Arquivo Serial: Stranger Things

Olá, caríssimos. Mais um Arquivo Serial no ar com nuances dos anos 80. Hoje é dia de misturar as aventura de E.T. com a ciência de De volta para o Futuro dentro de um livro de Stephen King. Vamos relembrar os estranhos cabelos, as roupas mais descoladas, os costumes que marcaram a época e, é claro, reviver o cinema dessa década que deixou tantas saudades. Esqueça seu precioso DeLorean, voltaremos a sentir como crianças novamente com a companhia de Stranger Things.

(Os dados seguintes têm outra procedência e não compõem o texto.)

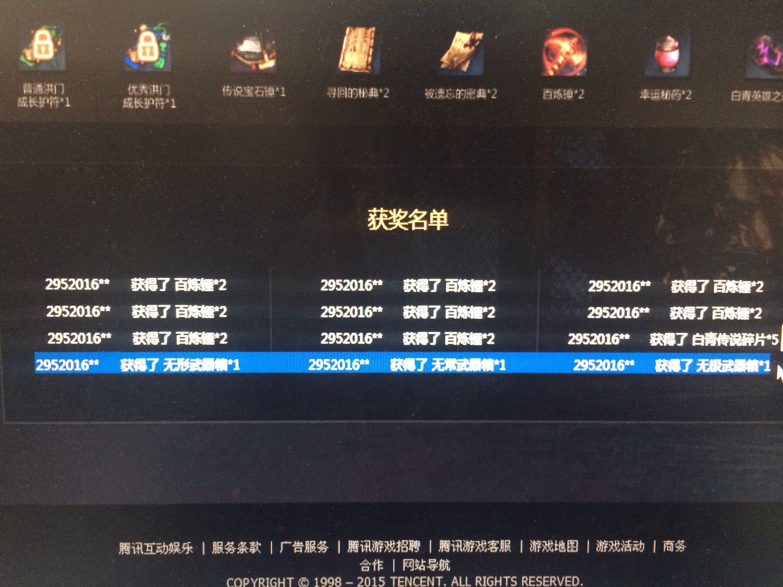 我今天抽的时候,看到底下9个中奖名单都是这个号码,虽然都是锤子

A mais nova produção da Netflix entrou no ar há poucos dias e já fez um enorme sucesso. A série se passa em 1984 e conta a história de quatro crianças, ligadas pelo laço da amizade e pelo comum interesse em ciências, RPG e quadrinhos. Até que um desaparecimento acontece na pequena cidade onde moram, ao mesmo tempo que uma misteriosa menina surge de lugar algum.

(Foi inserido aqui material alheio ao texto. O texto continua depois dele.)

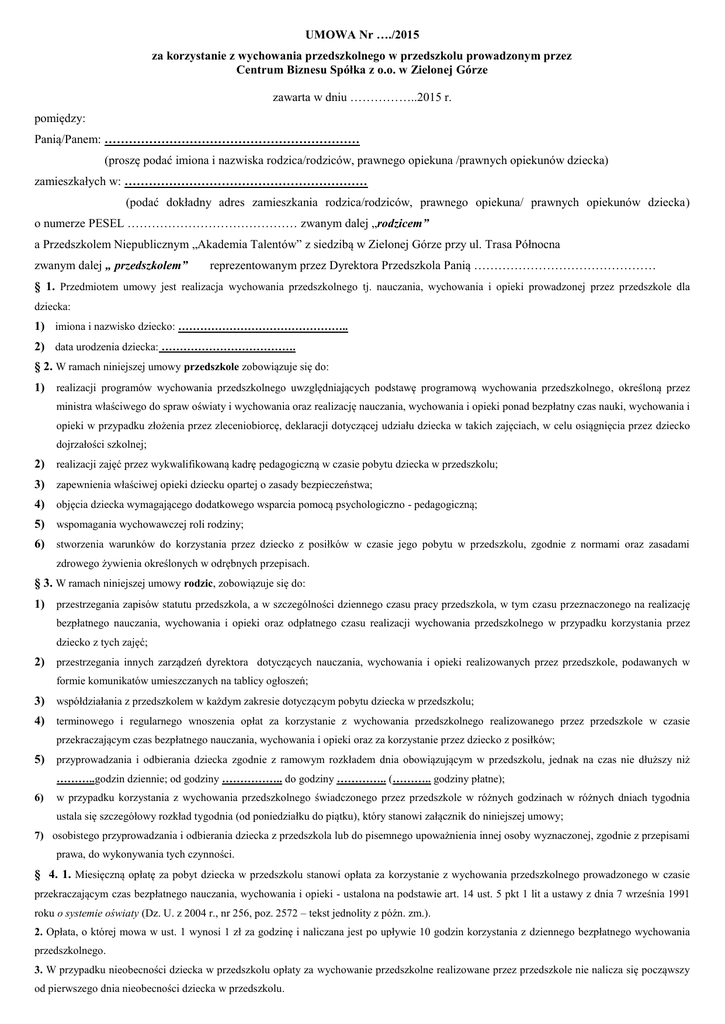 UMOWA Nr …./2015 za korzystanie z wychowania przedszkolnego w przedszkolu prowadzonym przez Centrum Biznesu Spółka z o.o. w Zielonej Górze zawarta w dniu ……………..2015 r. pomiędzy: Panią/Panem: ……………………………………………………… (proszę podać imiona i nazwiska rodzica/rodziców, prawnego opiekuna /prawnych opiekunów dziecka) zamieszkałych w: …………………………………………………… (podać dokładny adres zamieszkania rodzica/rodziców, prawnego opiekuna/ prawnych opiekunów dziecka) o numerze PESEL …………………………………… zwanym dalej „rodzicem” a Przedszkolem Niepublicznym „Akademia Talentów” z siedzibą w Zielonej Górze przy ul. Trasa Północna zwanym dalej „ przedszkolem” reprezentowanym przez Dyrektora Przedszkola Panią ……………………………………… § 1. Przedmiotem umowy jest realizacja wychowania przedszkolnego tj. nauczania, wychowania i opieki prowadzonej przez przedszkole dla dziecka: 1) imiona i nazwisko dziecko: ……………………………………….. 2) data urodzenia dziecka: ………………………………. § 2. W ramach niniejszej umowy przedszkole zobowiązuje się do: 1) realizacji programów wychowania przedszkolnego uwzględniających podstawę programową wychowania przedszkolnego, określoną przez ministra właściwego do spraw oświaty i wychowania oraz realizację nauczania, wychowania i opieki ponad bezpłatny czas nauki, wychowania i opieki w przypadku złożenia przez zleceniobiorcę, deklaracji dotyczącej udziału dziecka w takich zajęciach, w celu osiągnięcia przez dziecko dojrzałości szkolnej; 2) realizacji zajęć przez wykwalifikowaną kadrę pedagogiczną w czasie pobytu dziecka w przedszkolu; 3) zapewnienia właściwej opieki dziecku opartej o zasady bezpieczeństwa; 4) objęcia dziecka wymagającego dodatkowego wsparcia pomocą psychologiczno - pedagogiczną; 5) wspomagania wychowawczej roli rodziny; 6) stworzenia warunków do korzystania przez dziecko z posiłków w czasie jego pobytu w przedszkolu, zgodnie z normami oraz zasadami zdrowego żywienia określonych w odrębnych przepisach. § 3. W ramach niniejszej umowy rodzic, zobowiązuje się do: 1) przestrzegania zapisów statutu przedszkola, a w szczególności dziennego czasu pracy przedszkola, w tym czasu przeznaczonego na realizację bezpłatnego nauczania, wychowania i opieki oraz odpłatnego czasu realizacji wychowania przedszkolnego w przypadku korzystania przez dziecko z tych zajęć; 2) przestrzegania innych zarządzeń dyrektora dotyczących nauczania, wychowania i opieki realizowanych przez przedszkole, podawanych w formie komunikatów umieszczanych na tablicy ogłoszeń; 3) współdziałania z przedszkolem w każdym zakresie dotyczącym pobytu dziecka w przedszkolu; 4) terminowego i regularnego wnoszenia opłat za korzystanie z wychowania przedszkolnego realizowanego przez przedszkole w czasie przekraczającym czas bezpłatnego nauczania, wychowania i opieki oraz za korzystanie przez dziecko z posiłków; 5) przyprowadzania i odbierania dziecka zgodnie z ramowym rozkładem dnia obowiązującym w przedszkolu, jednak na czas nie dłuższy niż ………..godzin dziennie; od godziny …………….. do godziny ………….. (……….. godziny płatne); 6) w przypadku korzystania z wychowania przedszkolnego świadczonego przez przedszkole w różnych godzinach w różnych dniach tygodnia ustala się szczegółowy rozkład tygodnia (od poniedziałku do piątku), który stanowi załącznik do niniejszej umowy; 7) osobistego przyprowadzania i odbierania dziecka z przedszkola lub do pisemnego upoważnienia innej osoby wyznaczonej, zgodnie z przepisami prawa, do wykonywania tych czynności. § 4. 1. Miesięczną opłatę za pobyt dziecka w przedszkolu stanowi opłata za korzystanie z wychowania przedszkolnego prowadzonego w czasie przekraczającym czas bezpłatnego nauczania, wychowania i opieki - ustalona na podstawie art. 14 ust. 5 pkt 1 lit a ustawy z dnia 7 września 1991 roku o systemie oświaty (Dz. U. z 2004 r., nr 256, poz. 2572 – tekst jednolity z późn. zm.). 2. Opłata, o której mowa w ust. 1 wynosi 1 zł za godzinę i naliczana jest po upływie 10 godzin korzystania z dziennego bezpłatnego wychowania przedszkolnego. 3. W przypadku nieobecności dziecka w przedszkolu opłaty za wychowanie przedszkolne realizowane przez przedszkole nie nalicza się począwszy od pierwszego dnia nieobecności dziecka w przedszkolu. § 5.1. Opłaty za korzystanie z posiłków wydawanych w czasie godzin pobytu dziecka w przedszkolu pokrywają koszty produktów żywnościowych i wynoszą ……. zł dziennie. 2. W przypadku nieobecności dziecka w przedszkolu opłaty za korzystanie z posiłków nie nalicza się począwszy od pierwszego dnia nieobecności dziecka w przedszkolu. § 6. Opłaty miesięcznej rodzic dokonuje z dołu w terminie do 15 dnia kolejnego miesiąca, następującego po miesiącu realizacji nauczania, wychowania i opieki przez przedszkole. § 7. Opłatę miesięczną ponosi się w czasie trwania całego roku szkolnego z wyłączeniem przerw w pracy przedszkola, określanych zgodnie z odrębnymi przepisami. § 8. Rodzic zobowiązuje się do terminowego i regularnego ponoszenia opłat za korzystanie z nauczania, wychowania i opieki oraz wyżywienia realizowanych w przedszkolu. § 9. Opłatę miesięczną za pobyt dziecka w przedszkolu należy regulować poprzez dokonanie wpłaty wymaganej kwoty na nr konta bankowego …………………………………….. z podaniem w tytule płatności: imienia i nazwiska dziecka, nr grupy przedszkolnej, oraz miesiąca, którego dotyczy opłata; § 10. Dniem zapłaty jest dzień uznania rachunku bankowego przedszkola. § 11. Za zwłokę w dokonywaniu opłat, o których mowa w umowie, dyrektor przedszkola nalicza ustawowe odsetki. § 12. Niniejsza umowa może być rozwiązana przez: 1) rodzica, za 30 - dnio

Sinceramente, não se apeguem ao plot da série, é difícil comentar algo sem nenhum spoiler, portanto vou dar outras razões para você terminar de ler esse texto e correr, se trancar em um quarto totalmente equipado com iguarias culinárias e embarcar nessa viagem de apenas oito episódios.

Stranger Things, acima de tudo é uma ode ao cinema dos anos 80. O cenário, as roupas, todas as características estão presentes aqui, com um ar nostálgico que poucos filmes podem oferecer. Porém, em minha opinião, a trilha sonora é o ponto alto da produção. Desde a abertura – que lembra o filme Tron, de 1982 – até as cenas mais dramáticas, a trilha equilibra a experiência muito bem e te coloca exatamente onde você quer estar. Em muitas cenas as músicas parecem ter sido tiradas de um jogo de Atari, e esse tom é perfeito.

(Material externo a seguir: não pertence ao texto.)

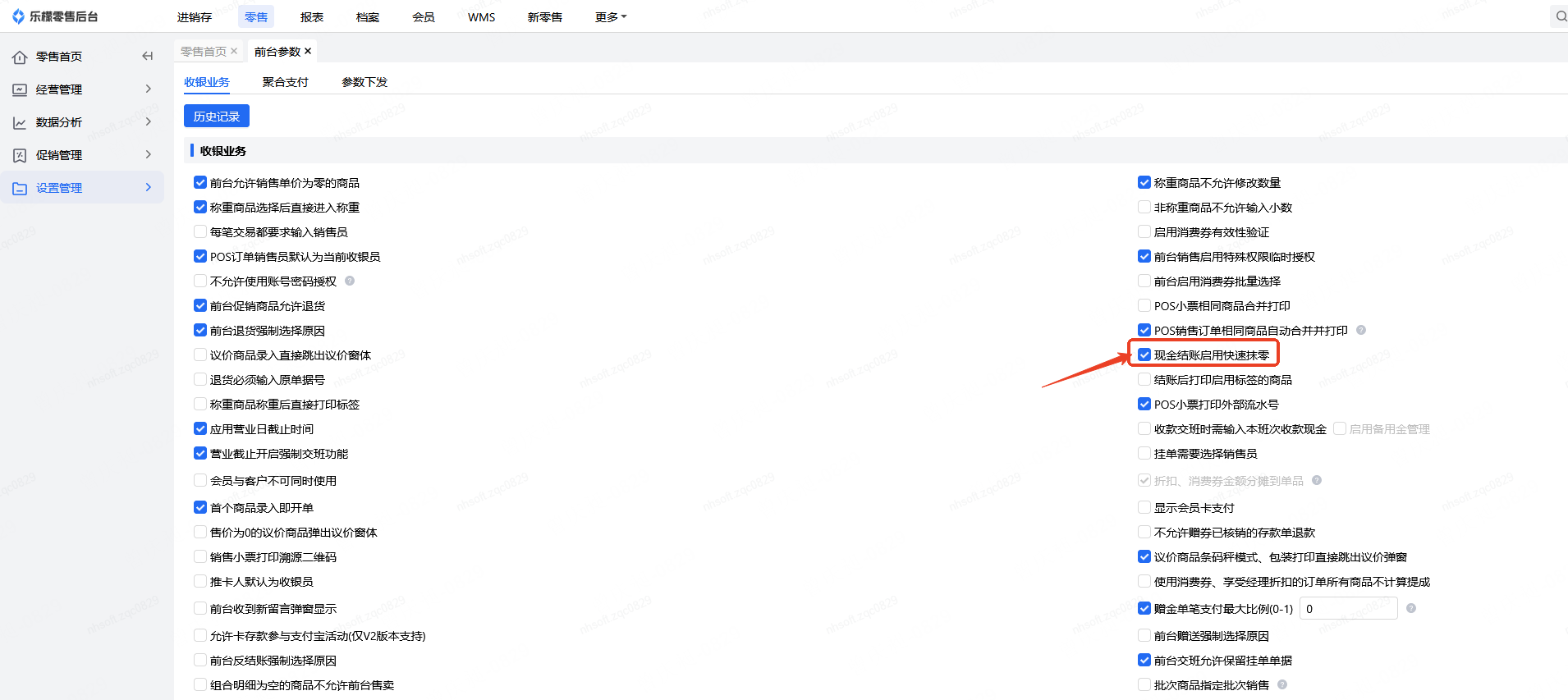 👉【操作路径】:零售-设置管理-前台参数-现金结账启用快速抹零

Diferente de outros seriados, os personagens não evoluem, apenas mantém a mesma essência desde o primeiro episódio. E o resultado é extremamente positivo. Desde o início o papel de cada um já está estabelecido e, como telespectador, é muito fácil se encantar pelos protagonistas e comprar todas as motivações que o roteiro te entrega. Impossível não se lembrar de Os Goonies.

Wynona Rider está de volta em um grande papel como Joyce Byers, uma mãe prestes a perder o controle de sua sanidade após o desaparecimento do filho. Méritos para a atriz, que está muito bem, e vale a pena vê-la, mas também méritos para a edição e roteiros que não exploraram esse drama familiar tão clichê.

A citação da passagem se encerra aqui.